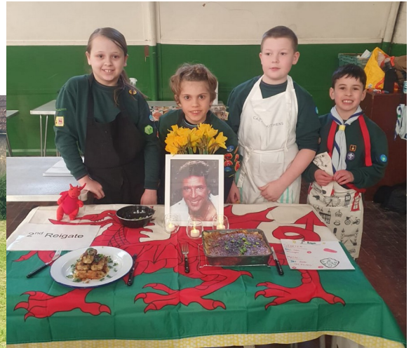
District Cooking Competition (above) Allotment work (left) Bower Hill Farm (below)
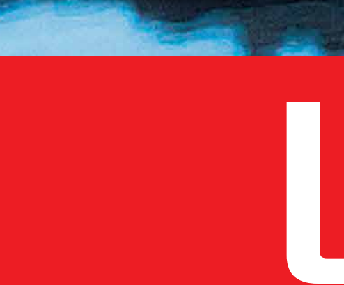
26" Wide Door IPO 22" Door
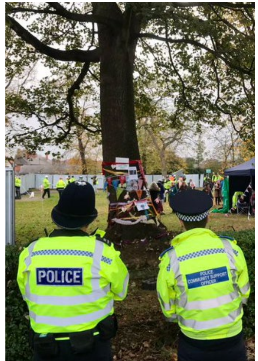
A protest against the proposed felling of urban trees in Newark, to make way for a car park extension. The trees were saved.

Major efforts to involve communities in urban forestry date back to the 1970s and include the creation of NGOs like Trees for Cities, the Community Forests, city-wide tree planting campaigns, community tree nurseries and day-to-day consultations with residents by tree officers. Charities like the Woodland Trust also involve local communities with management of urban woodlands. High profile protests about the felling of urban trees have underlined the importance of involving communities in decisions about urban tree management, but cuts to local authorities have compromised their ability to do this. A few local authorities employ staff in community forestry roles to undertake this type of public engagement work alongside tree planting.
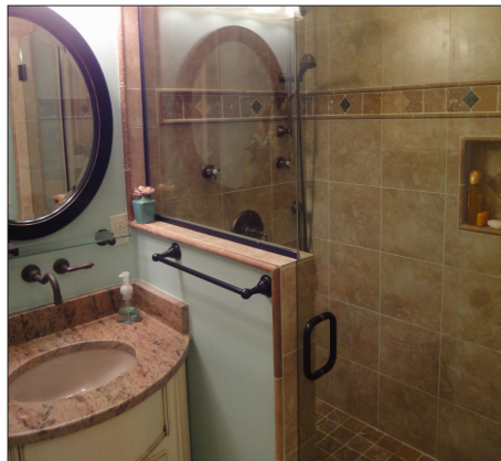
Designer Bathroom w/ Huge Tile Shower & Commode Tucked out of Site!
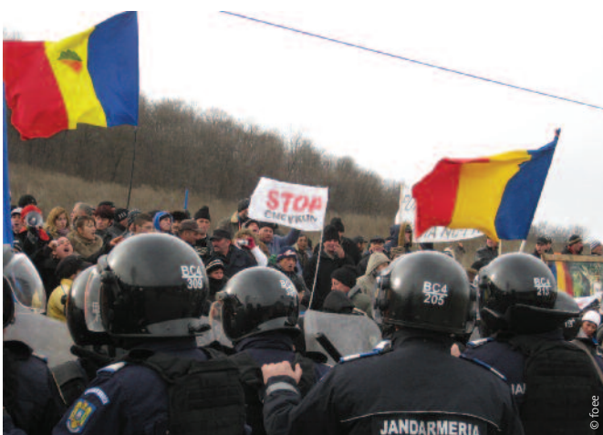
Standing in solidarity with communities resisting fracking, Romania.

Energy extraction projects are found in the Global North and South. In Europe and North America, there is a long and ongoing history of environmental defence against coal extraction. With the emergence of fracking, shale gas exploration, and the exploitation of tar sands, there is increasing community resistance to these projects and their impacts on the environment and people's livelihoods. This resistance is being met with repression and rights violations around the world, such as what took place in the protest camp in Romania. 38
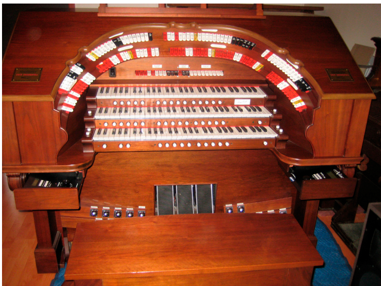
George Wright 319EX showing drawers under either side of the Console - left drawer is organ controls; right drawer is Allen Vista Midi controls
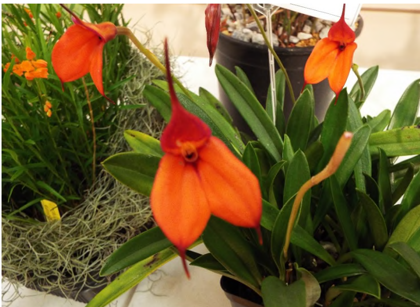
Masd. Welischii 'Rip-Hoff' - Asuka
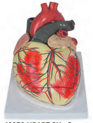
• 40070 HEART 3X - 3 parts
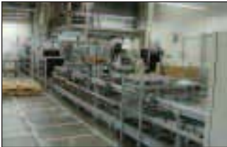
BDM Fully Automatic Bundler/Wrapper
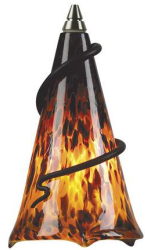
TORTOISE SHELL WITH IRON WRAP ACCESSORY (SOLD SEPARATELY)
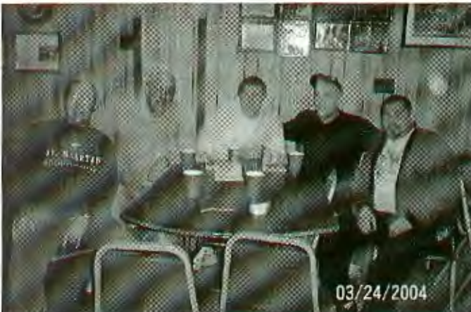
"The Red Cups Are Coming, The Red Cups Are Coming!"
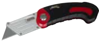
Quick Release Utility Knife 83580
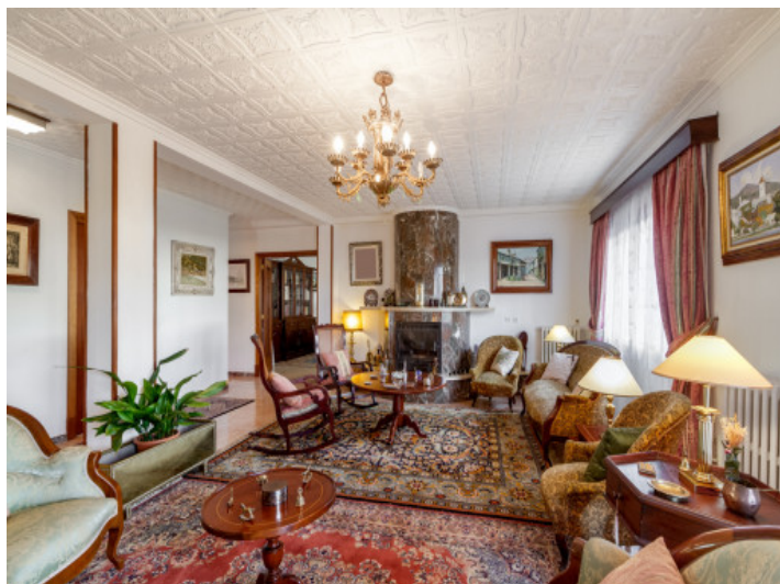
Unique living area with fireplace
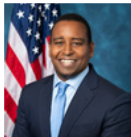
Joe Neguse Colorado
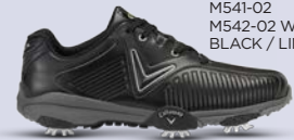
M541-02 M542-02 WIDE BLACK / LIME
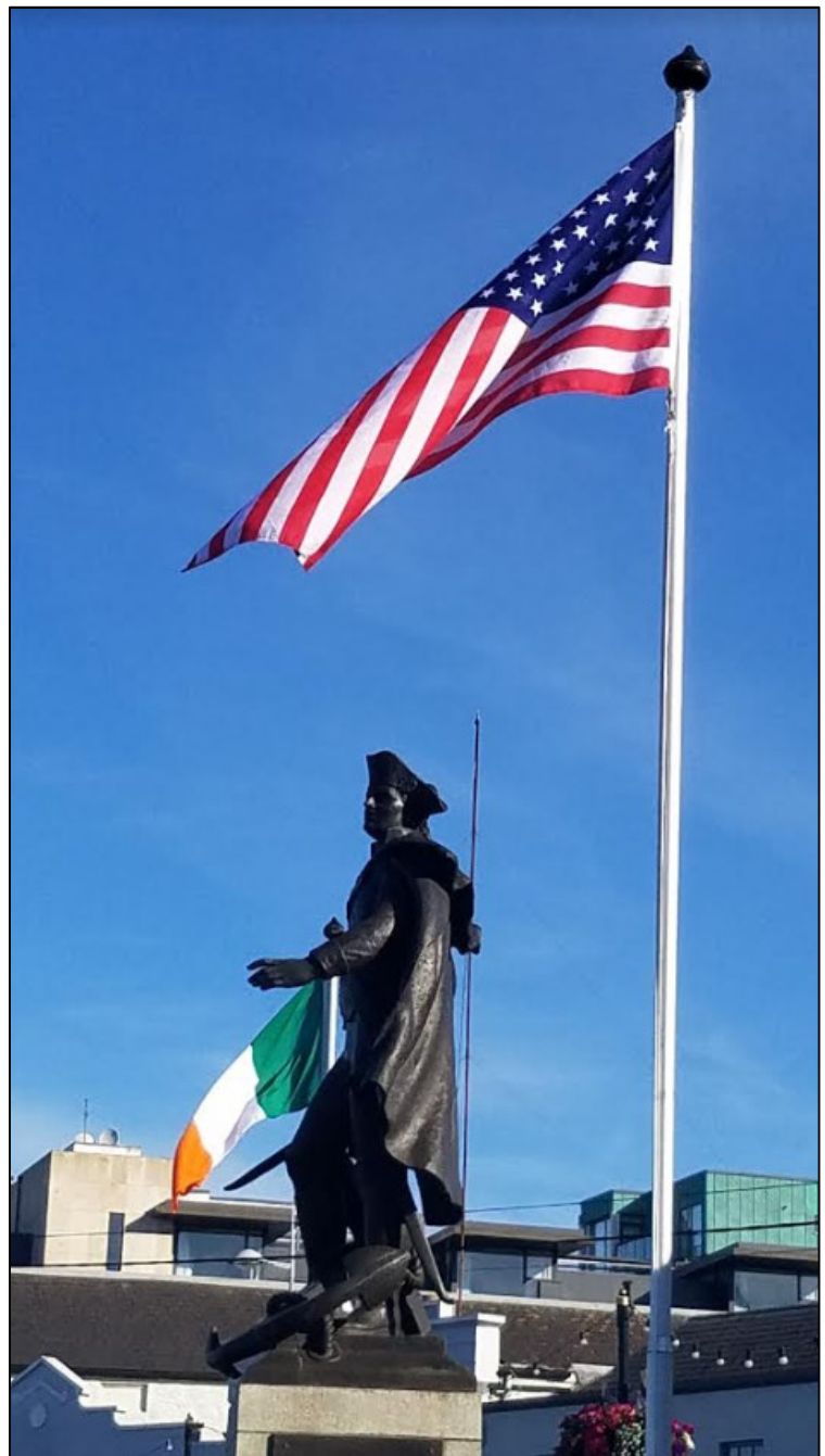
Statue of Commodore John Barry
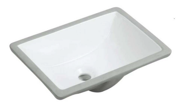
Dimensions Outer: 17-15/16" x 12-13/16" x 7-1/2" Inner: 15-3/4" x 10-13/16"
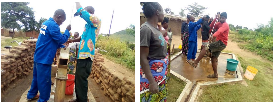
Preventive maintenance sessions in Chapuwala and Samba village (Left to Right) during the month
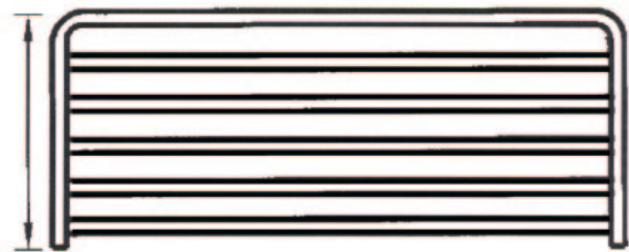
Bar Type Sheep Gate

_ _ _ _ _

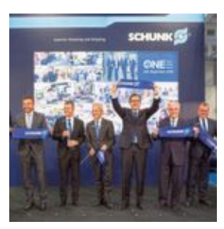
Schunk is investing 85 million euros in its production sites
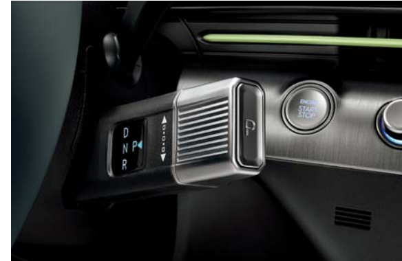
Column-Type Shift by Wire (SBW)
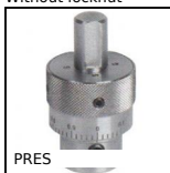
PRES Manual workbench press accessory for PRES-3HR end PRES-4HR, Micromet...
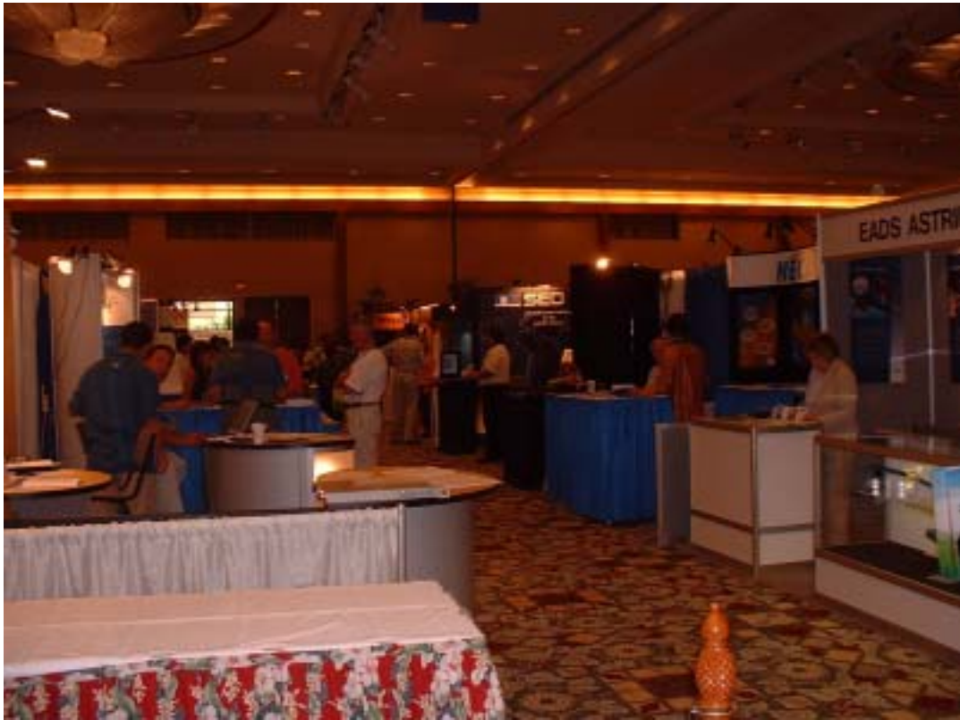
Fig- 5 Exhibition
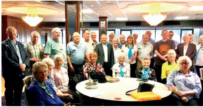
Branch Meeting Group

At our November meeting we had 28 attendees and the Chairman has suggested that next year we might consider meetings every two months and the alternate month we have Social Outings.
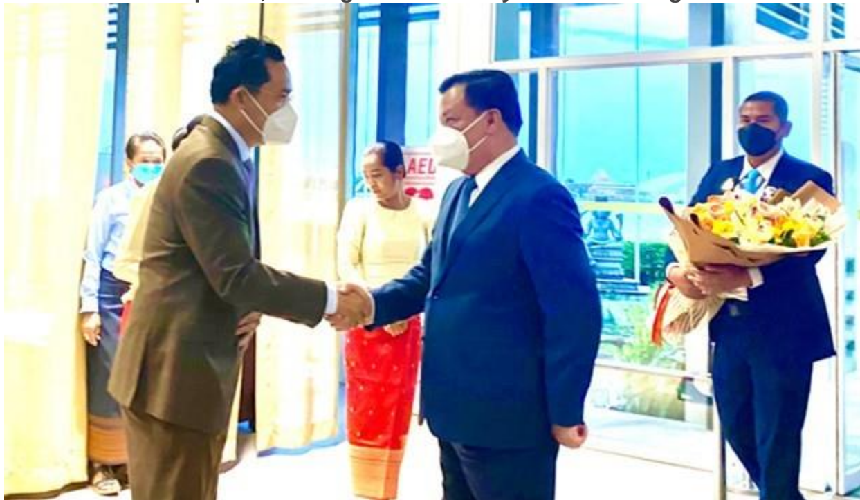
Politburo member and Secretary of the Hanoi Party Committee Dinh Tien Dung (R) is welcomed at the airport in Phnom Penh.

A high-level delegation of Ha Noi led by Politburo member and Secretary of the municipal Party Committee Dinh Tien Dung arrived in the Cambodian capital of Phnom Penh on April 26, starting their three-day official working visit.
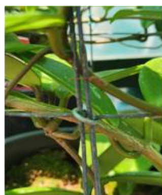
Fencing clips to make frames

_ _ _ _ _

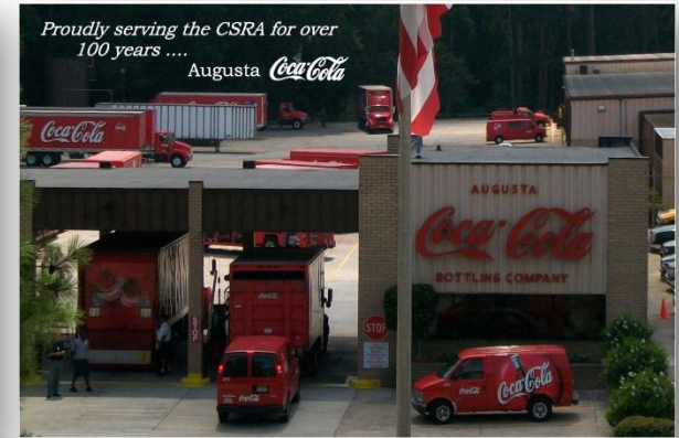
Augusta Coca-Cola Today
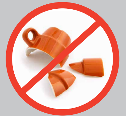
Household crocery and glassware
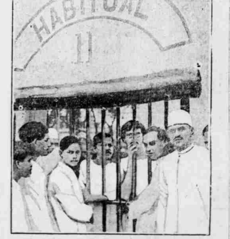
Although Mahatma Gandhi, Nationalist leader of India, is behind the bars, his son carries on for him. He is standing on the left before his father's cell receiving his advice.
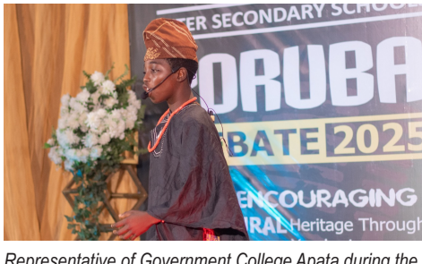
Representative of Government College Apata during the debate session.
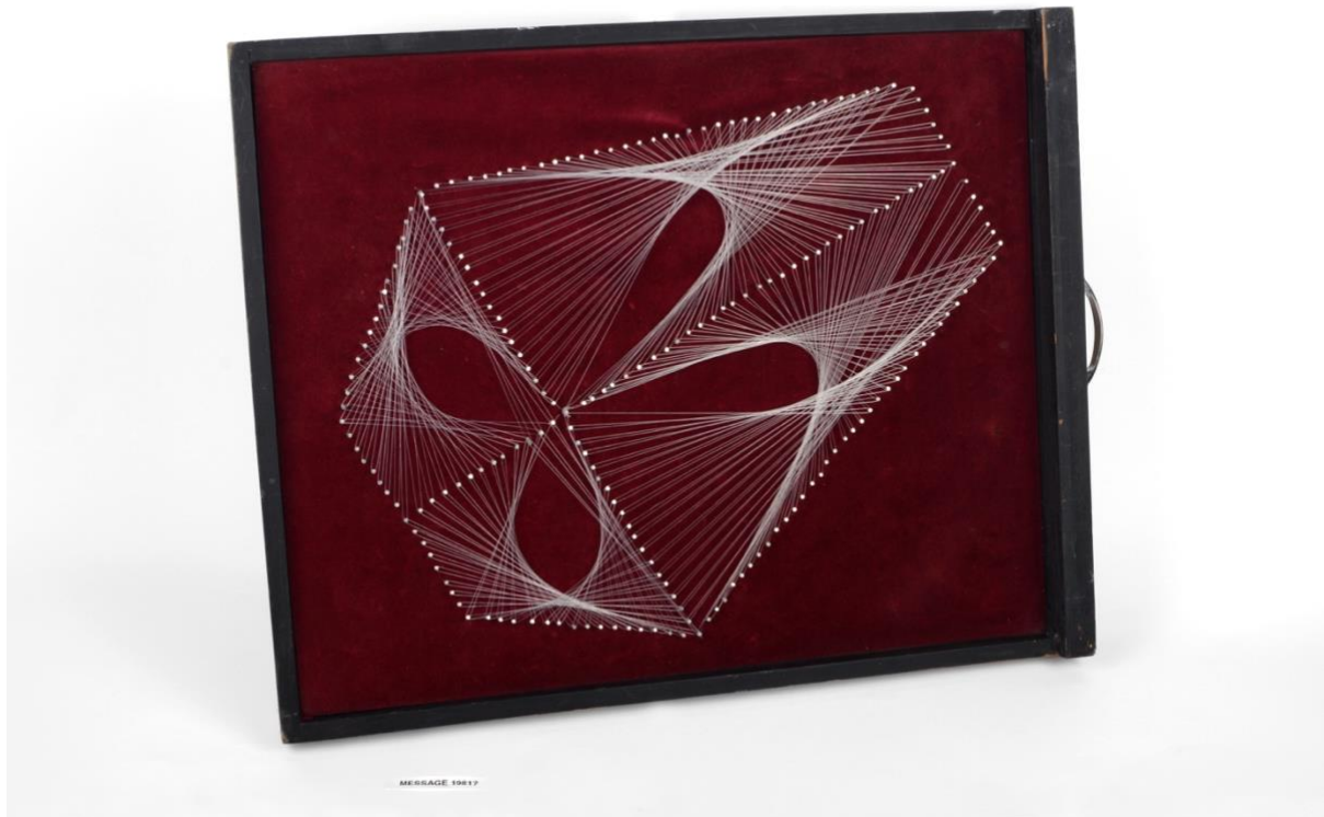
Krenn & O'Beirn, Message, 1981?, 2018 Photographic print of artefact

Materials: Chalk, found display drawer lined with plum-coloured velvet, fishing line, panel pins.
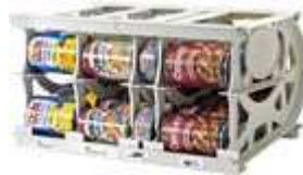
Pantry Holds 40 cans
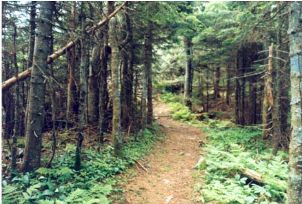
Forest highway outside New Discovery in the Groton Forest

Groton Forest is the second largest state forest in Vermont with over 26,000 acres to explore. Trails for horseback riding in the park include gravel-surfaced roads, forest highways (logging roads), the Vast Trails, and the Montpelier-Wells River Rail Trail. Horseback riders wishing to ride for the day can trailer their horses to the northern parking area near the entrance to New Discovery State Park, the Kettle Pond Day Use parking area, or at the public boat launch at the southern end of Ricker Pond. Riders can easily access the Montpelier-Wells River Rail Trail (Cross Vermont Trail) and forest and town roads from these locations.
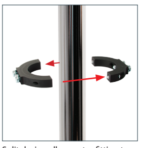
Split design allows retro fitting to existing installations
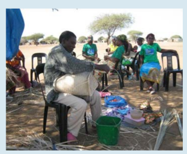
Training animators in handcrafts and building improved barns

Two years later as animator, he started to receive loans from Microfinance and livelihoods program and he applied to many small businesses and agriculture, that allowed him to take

_ _ _ _ _

* [TRY IT]: Using the entries above, count the lines that have the string "area" in them. Answer with that number only.

* [EXERCISE RESPONSE]: 2